Quantitative data has a tendency to be ascribed a larger degree of legitimacy than qualitative data. We, however, view this as one of the pitfalls of quantitative data because an over-reliance on numbers leads you to miss other important factors. Indeed, even the numbers themselves are often suspect; in the data used to calculate Japanese vulnerabilities to oil imports in 2001, it was necessary to make a few estimates where data simply did not exist.

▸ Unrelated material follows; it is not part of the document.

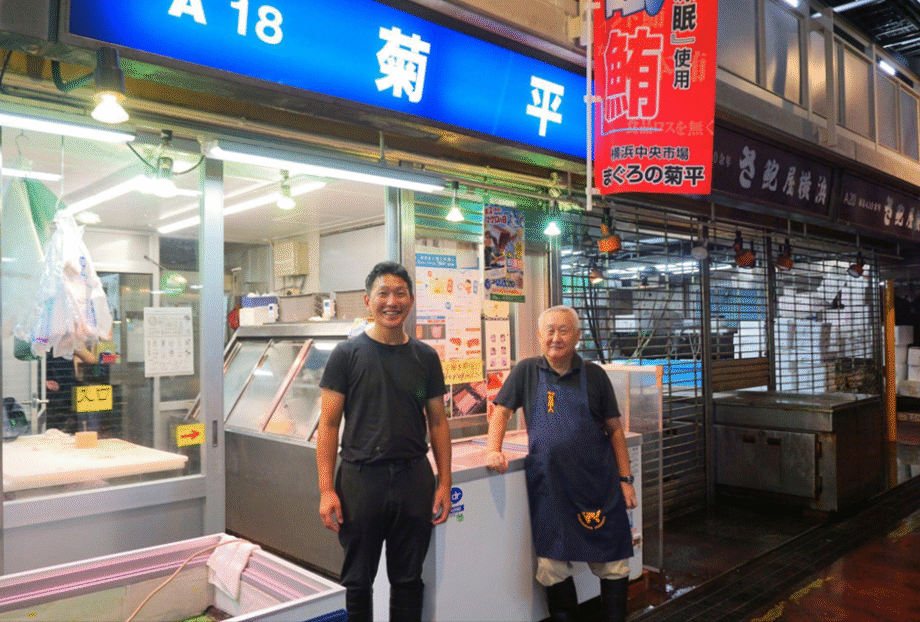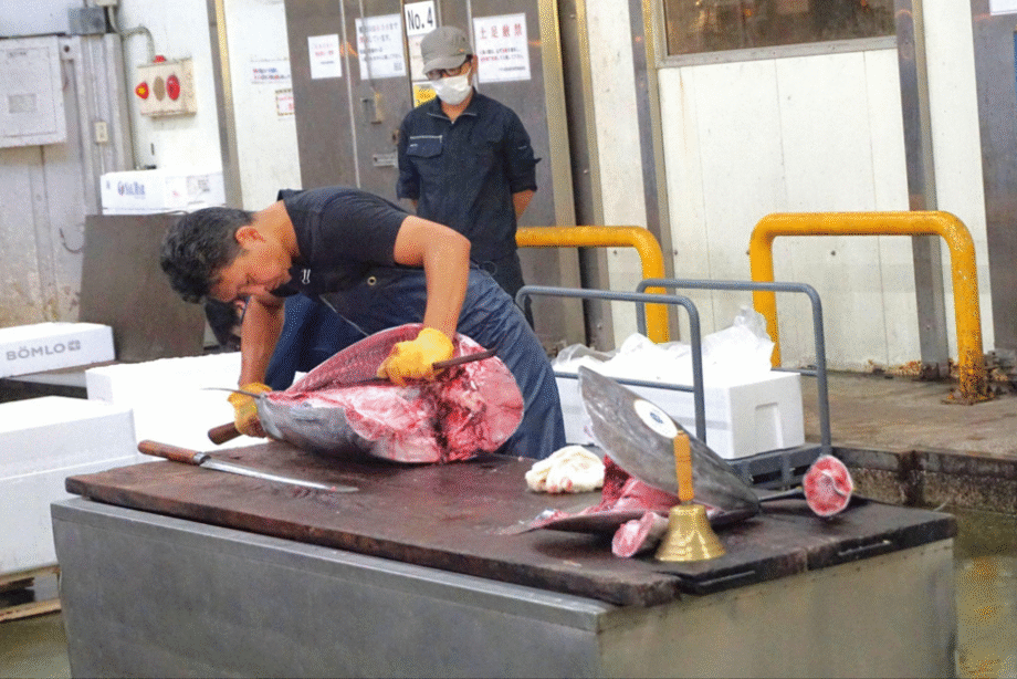マグロの解体ショーを担当している尾田さん(写真左)

The figures presented here are all rough measures of vulnerability. They are a useful tool to establish a baseline for analyzing the import-export relationship between different nations and the vulnerabilities of a particular nation’s economy. These figures, however, are also not meant to be used as a golden compass – there is no silver bullet measurement that can tell you everything. Our model tells us that, as China continues to falter, Japan will grow more assertive in East Asia, both to fill the vacuum left by China and also to secure its supply lines so that it can guarantee that its imports can make it to the Japanese islands. The data offered above is simply one part of our larger model, and is useful in terms of conceptualizing Japan’s vulnerability in more concrete terms.